Air mata kesedihan yang menodai garis hidupku
Akan menjadi kenangan terindah
Karena air mata itu yang menyadarkanku
Tentang...
Hari, bulan, dan...hidup.
Agustus 2009
Lika menutup bukunya, dan segera mengalihkan pikirannya kepada
pelajaran. Jam pelajaran terakhipun berakhir. Lika menghampiri meja Aya,
dan mengajak Aya pulang bersama setelah usai bercerita dan kumpul dengan
teman – temannya di kantin. Aya pun mengiyakan ajakan Lika. Keluar dari
kelas, Lika dan kawan – kawan menuju kantin untuk bercerita, bercanda dan
ngemil bersama.
(^,^) (^.^) (^_^)

7

“Aya makasih ya, setelah kau cerita kemarin...aku jadi ingin sepertimu,
tetap kuat dan tegar.” peluk Lika ke Aya.

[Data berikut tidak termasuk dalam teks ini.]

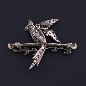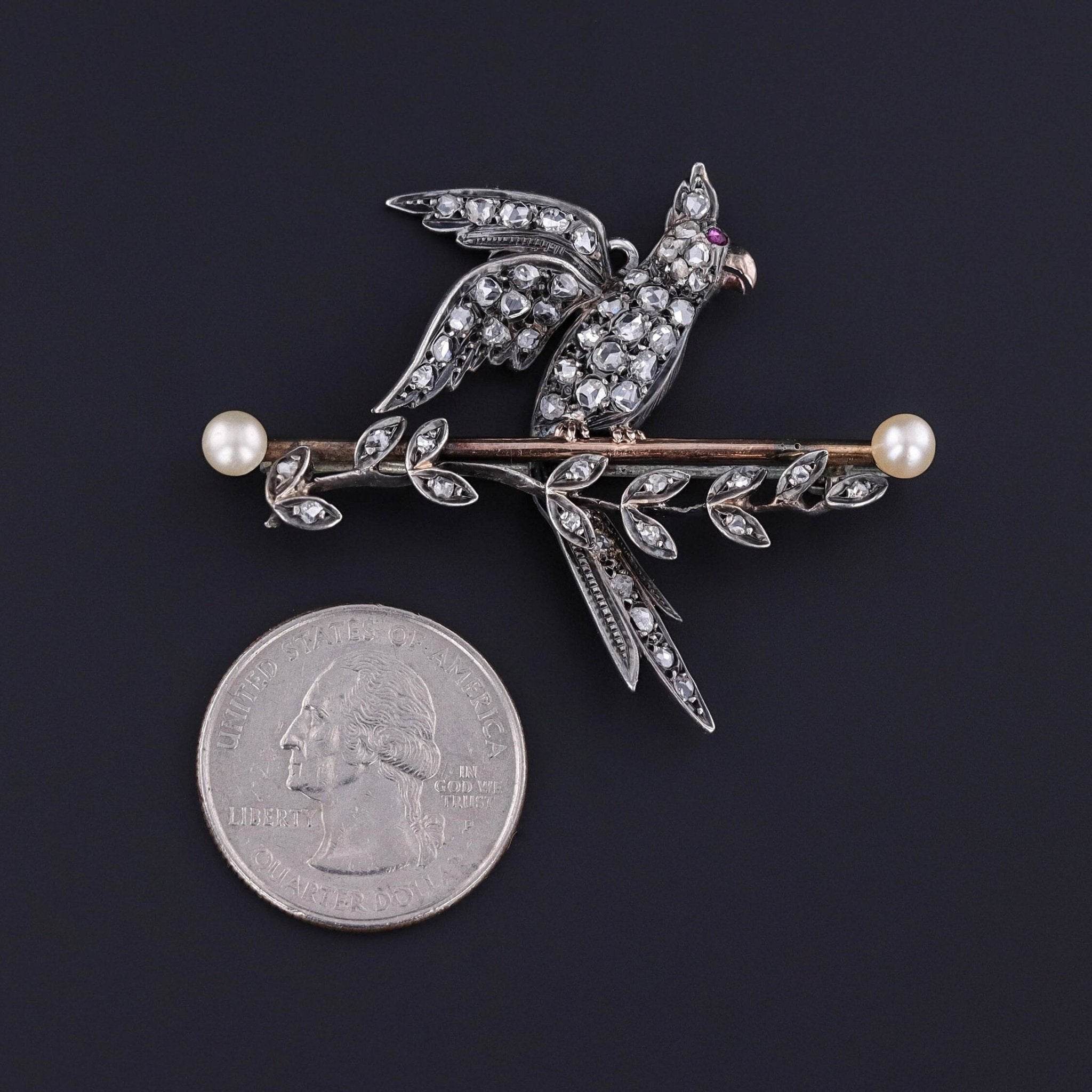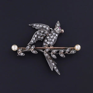 This enchanting Victorian era brooch (circa 1880) depicts a finely detailed parrot, its form crafted in silver and set with glittering diamonds. The bird perches gracefully on a 9ct rose gold bar adorned at each end with a luminous pearl. A discreet ring allows the piece to be worn as either a brooch or a pendant, offering versatility in styling.

“Koe durung ngerti yo, konco – konco awake dewe kuwi akeh sing
koyo aku lho, tapi yo bedo – bedo... eneng sing iso tetep tegar lan eneng sing
bunuh diri, yo memang angel nek wis melebu ning jero lingkaran tresno.”
senyum Aya. Lika kaget mendengar itu semua, apalagi saat dia diceritakan
semua tentang teman – temannya, yang hampir seperempat perempuan di
sekolahnya mengalami hal seperti itu. Ia bersyukur masih bisa bertahan dan
melindungi dirinya.
Mereka saling menatap dan tersenyum, dan sama – sama berkata, “
matur nuwun sahabat....” lalu memandangi danau dari Bukit Cinta.